START THE DATA

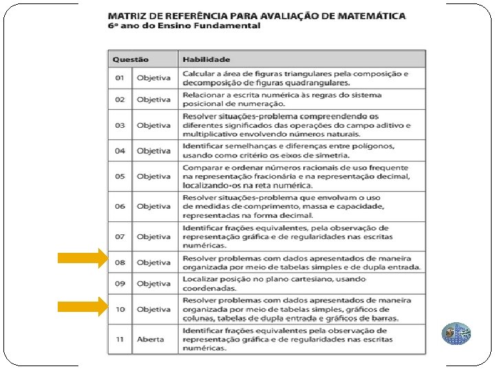 As habilidades se repetem ao longo dos anos MATRIZ DE REFERÊNCIA PARA AVALIAÇÃO DE MATEMÁTICA 7º ano do Ensino Fundamental MATRIZ DE REFERÊNCIA PARA AVALIAÇÃO DE MATEMÁTICA 8º ano do Ensino Fundamental
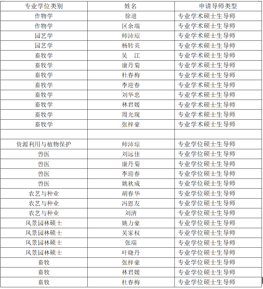 根据研究生院《关于开展2025年研究生导师遴选工作的通知》要求,结合公司实际情况,经教师个人申请,公司学位评定分委员会评定,现将beat365英国官网网站2025年硕士研究生导师遴选推荐名单予以公示。公示期从2025年6月3日到2025年6月9日。如对公示情况有异议,请在公示期内实名提交书面材料至公司研究生教务秘书处(地址:兴农楼301滨海农业公司党政办公室,联系人:钟老师,联系电联系电话:0759-2383347)
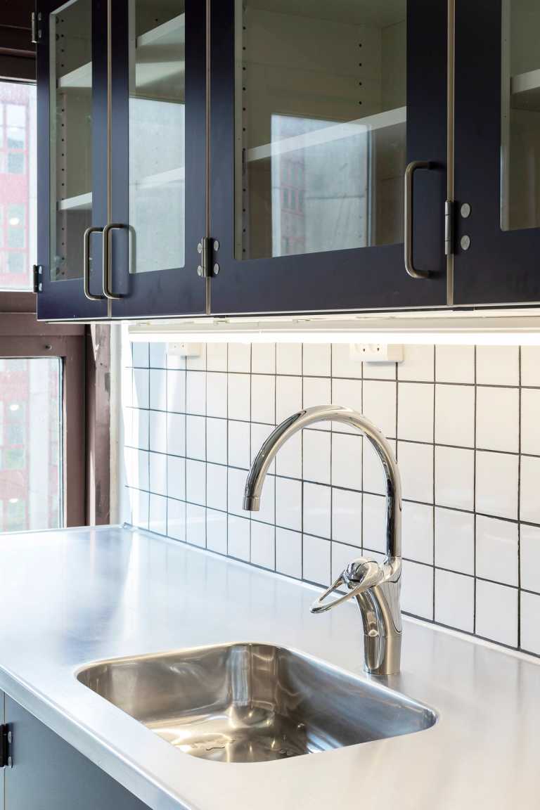 De 16 køkkener er udført i solide materialer, så de kan holde i mange år frem. Der er naturligvis brugt vores gennemboltet Kolon hængsler i rustfri stål med 50 års garanti.

END THE DATA

-- EXERCISE DIRECTIONS --
The answer must be the full listing, exact in every line, with the pictures removed.

-- PROBLEM SOLUTION --
 As habilidades se repetem ao longo dos anos MATRIZ DE REFERÊNCIA PARA AVALIAÇÃO DE MATEMÁTICA 7º ano do Ensino Fundamental MATRIZ DE REFERÊNCIA PARA AVALIAÇÃO DE MATEMÁTICA 8º ano do Ensino Fundamental
 根据研究生院《关于开展2025年研究生导师遴选工作的通知》要求,结合公司实际情况,经教师个人申请,公司学位评定分委员会评定,现将beat365英国官网网站2025年硕士研究生导师遴选推荐名单予以公示。公示期从2025年6月3日到2025年6月9日。如对公示情况有异议,请在公示期内实名提交书面材料至公司研究生教务秘书处(地址:兴农楼301滨海农业公司党政办公室,联系人:钟老师,联系电联系电话:0759-2383347)
 De 16 køkkener er udført i solide materialer, så de kan holde i mange år frem. Der er naturligvis brugt vores gennemboltet Kolon hængsler i rustfri stål med 50 års garanti.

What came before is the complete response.